Some studies compared MPI and FFR in patients with multivessel coronary artery disease. Ragosta et al[99] performed angiography, FFR, and MPI in 36 patients (88 arteries), and determined the association between FFR and perfusion for each vascular zone. Concordance between angiography, FFR, and MPI was seen in 61 of 88 zones (69%). Discordance was seen in the remaining 27 zones (31%), and was predominantly related to the finding of a FFR < 0.75 or total occlusion despite no defect on MPI. Melikian et al[100] performed MPI and FFR in 67 patients (201 vessels) with angiographic two- or three-vessel coronary artery disease. In 42% of patients, MPI and FFR detected identical ischemic areas (mean number of areas 0.9 ± 0.8 for both, P = 1.00). In the remaining 36% MPI underestimated the number (MPI = 0.46 ± 0.6, FFR = 2.0 ± 0.6, P < 0.001) and in 22% overestimated the number (MPI = 1.9 ± 0.8, FFR = 0.5 ± 0.8, P < 0.001) in comparison with FFR. Thus, MPI has poor concordance with FFR and tends to underestimate or overestimate the functional importance of coronary stenosis in comparison with FFR in patients with multivessel disease. In patients with multivessel coronary artery disease, FFR is the preferred method to identify myocardial ischemia. Therefore, complementary use of noninvasive MPI and invasive FFR would be important to compensate for each method’s limitations.

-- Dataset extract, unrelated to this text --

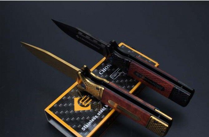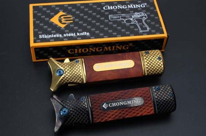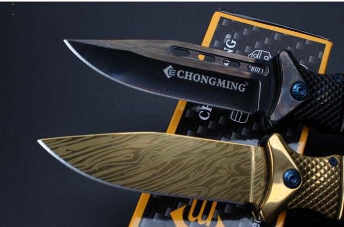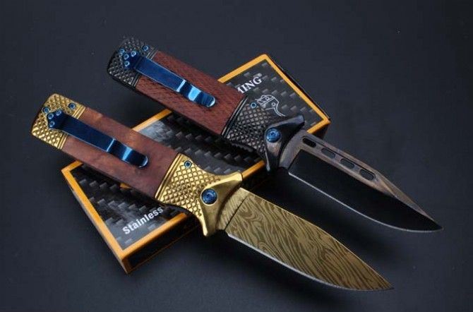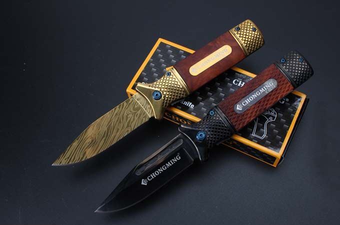 勃朗宁CM73快开折刀 全 长:213mm 刃 长:95mm 柄 长:118mm 刃 宽:25mm 刃 厚:3.3mm 刃 材:5Cr15Mov 重 量:224g(含包装) 硬 度:57HRC 颜 色:金色、黑色 表 面:镀钛 柄 材:双雕花钢头+红影木 另一款酸枝木 锁 型:快开 其 他:配彩盒
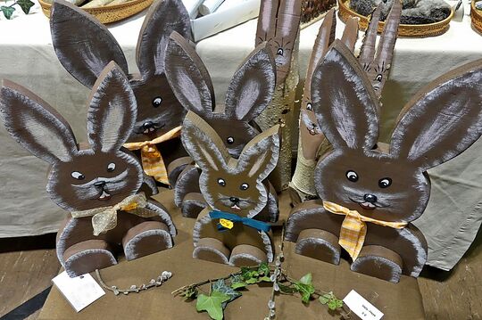 Auch für den 33. Ostermarkt in Schlierbach in der Dorfwiesenhalle, ausgerichtet vom örtlichen Trachtenverein Teck, haben sich rund 40 Kunsthandwerker und Hobbykünstler offensichtlich Monate davor ins Zeug gelegt. Ob gehäkelt, genäht, gemalt oder gedrechselt – man sieht, überall steckt viel Arbeit, Fantasie und Liebe drin. „Ich mach das selber, Schreinerarbeiten sind mein Hobby“, verrät Inge Geiger aus Ottenbach, die sich außerdem bestens mit Stich-, Band- oder Dekupiersäge auskennt.

MPI studies demonstrate that for patients with moderate to severe ischemia, revascularization is the preferred therapy for survival benefit. For patients with no to mild ischemia, MT is the main choice and revascularization is associated with increased mortality probably because of worsened ischemia. FFR studies demonstrate that IG PCI is superior to angiography-guided PCI, and the presence of ischemia is the key to decision-making for PCI. Studies of appropriateness criteria demonstrate that, although CABG and emergency PCI are appropriately performed in most patients, use of elective PCI is often inappropriate. Some studies also suggest that revascularization in an inappropriate setting is not associated with improved prognosis. Taken together, myocardial ischemia is a key factor in the management of patients with stable coronary artery disease.